As illustrated in FIG. 2, the inner peripheral portion 14a of the bobbin 14 is formed with the space of the part 14b that is far from the shaft 8 being narrow, and the space of the part 14c that is near to the shaft 8 being wide. In the present example, a step part 14d is formed at the boundary between the part with the narrow space and the part with the wide space. Of the inner peripheral portion 14a of the bobbin 14, the magnet 5 is supported slidably by the part 14b that is far from the shaft 8. Moreover, the low-friction member 11 is provided on the surface of the magnet 5 that faces that part 14b of the inner peripheral portion 14a of the bobbin 14 that is far from the shaft 8.
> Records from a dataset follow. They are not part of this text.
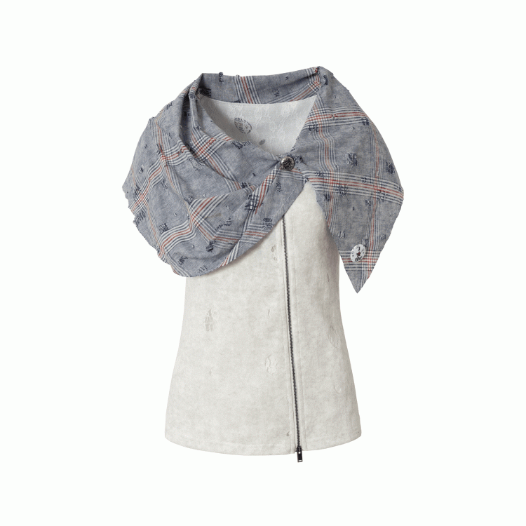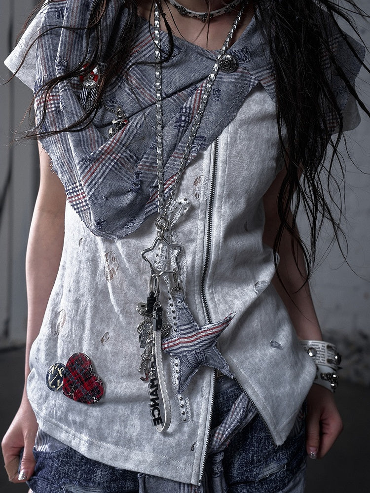 Blue and White Plaid Distressed Holes Navycore Zipper T-shirt Faux Two-pieces
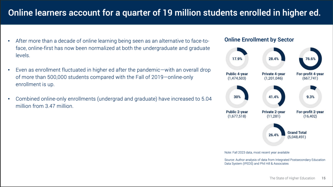This week Jeff Selingo released a “State of Higher Education 2025” slide deck in the form of the infamous Mary Meeker series. And it is useful and well done. The slide deck addresses a number of key drivers of today’s state of higher education, combining useful context in text along with charts, including this one derived from On EdTech.
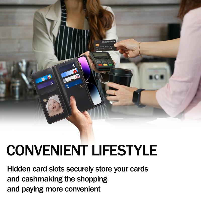 4. Zipper Wallet: Super multi-card slot can hold multiple cards; The opening and closing of the zipper cash compartment can protect your cash. Comfortable and practical to go out a mobile phone bag enough!
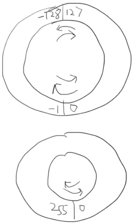 -128 ~ 127(8 位有符号数的范围); - 圈是 "循环的":比如

Operation of the Vibration Actuator 100

The operation of the vibration actuator 100 will be explained. When not operating, the magnet 5 stands still at the vibration center position. In this case, the biasing forces of the two springs 10 (the biasing members) are in a balanced state.

When a square wave or sine wave current is applied to the coil 15 from the outside through the terminal 16, the temporal variation in the magnetic forces that are produced by the coil 15 and the magnetic forces of the magnet 5 produce a force on the magnet 5 in the direction of vibration, and this force and the biasing force of the springs 10 cause the magnet 5 to vibrate linearly, in the direction of vibration, relative to the coil 15. In this case, the magnet 5 is in a state that is supported by the connecting member 4 so as to be able to slide on the shaft 8, and is in a state that is supported so as to be able to slide in the direction of vibration relative to the inner peripheral portion of the bobbin 14, and so vibrates linearly in the direction of vibration.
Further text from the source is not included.